Granddaddy is the shit! Purple Erkle x's Big bud = top shelf smoke and great yield.


----------



## novatrans (Mar 29, 2007)

cali-high said:


> hey guys/girls
> 
> 
> has any1 tried this strain?
> ...


It is great! I am growing some now (7 weeks of flowering) and no purple yet. but some real "sticky" corn cobs are coming. We will know in about two weeks.


----------



## cali-high (Mar 30, 2007)

yeah but it aint got nothing on my honeymoon(double purple cross)

tjats the shit

people who grow grandaddy purple do ofg(ocean of green) and hardly spend any time giving each plant its own needs so theyre for theyre shit loses potience and still is great but not what it could be.


----------



## northerntights (Mar 31, 2007)

does anyone know of a purple strain that is good for an indoor grow?
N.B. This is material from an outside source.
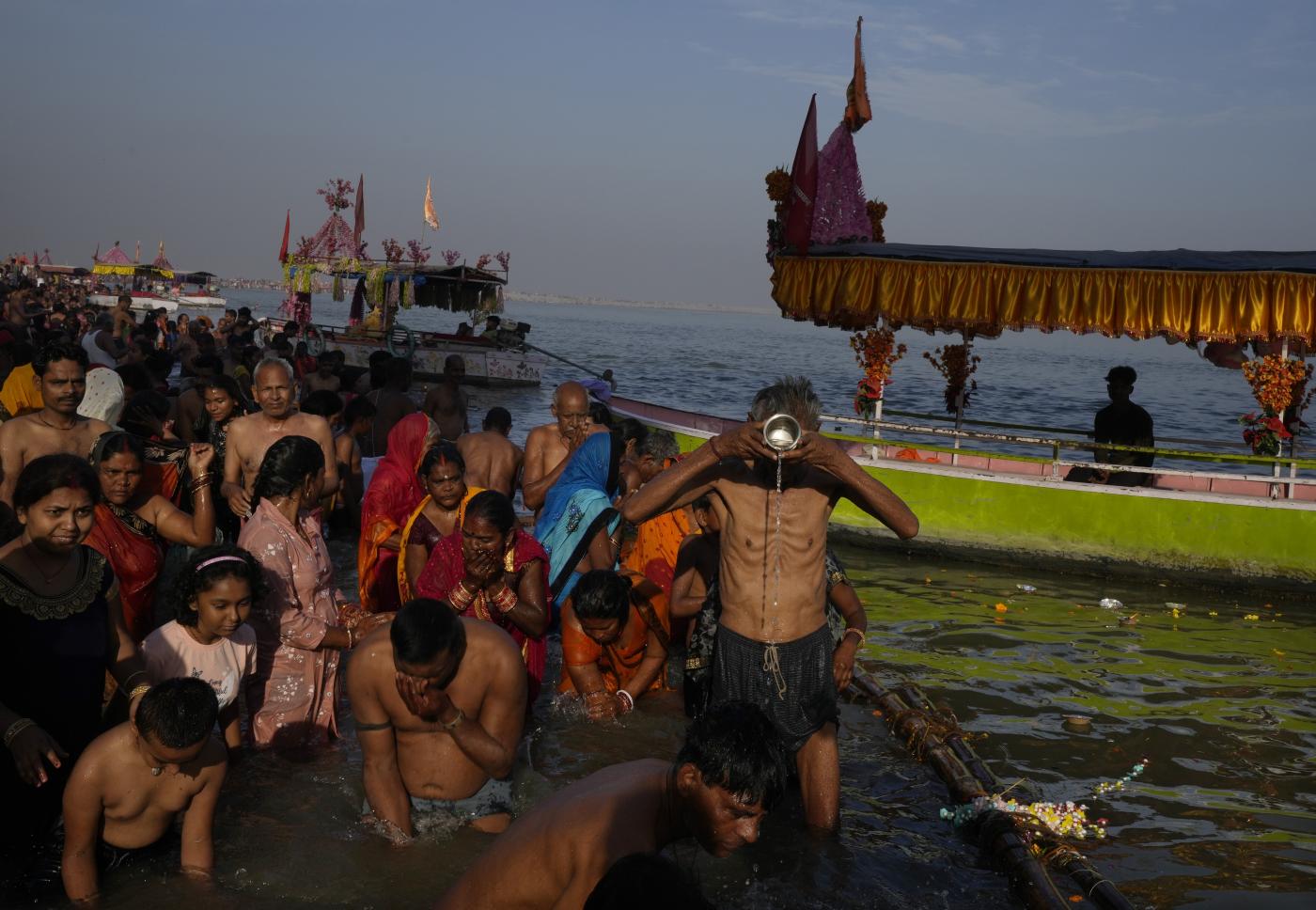Nelle case pulite e decorate la donna più giovane della famiglia guida il cerimoniale applicando un tilak (tipica decorazione sulla fronte) rosso a tutti gli altri membri della famiglia. Si osserva l’astinenza da determinati alimenti tra cui carne, uova, cipolle, aglio, alcune spezie e prodotti a base di grano. Sono consentiti anche yogurt, latte, tè, caffè e acqua insieme a frutta e verdura. (AP Photo/Bikas Das; Associated Press/LaPresse)

Most of the info I have states they are best for outdoor or large indoor grows, I have 4 feet of space to work with... I'm just looking for something a little different and purple is sooo cool!


----------



## bwkmid (Mar 31, 2007)

purple haze?


----------



## FilthyFletch (Mar 31, 2007)

I bought some seeds from paradise seeds of a strain called sweet purple.Its a easy to grow purple indica that is disease mold and cold resistant. Can grow easly indoors since its an indica or outdoor in extremes.Yield for a 6 foot outdoor plant is 700 grams indoor at about 4-5 feet should be close to 500 grams


----------



## fdd2blk (Mar 31, 2007)

bwkmid said:


> purple haze?


yes please. thank you.


----------



## cali-high (Mar 31, 2007)

lol 

i have never seen you heard of purple haze seeds before ive never seen any pictures


----------



## bwkmid (Mar 31, 2007)

thats purple. It really calms you dowm ...more than anyother weed ive had.

"Smokin on purple ease my mind....this that shit that we get high to"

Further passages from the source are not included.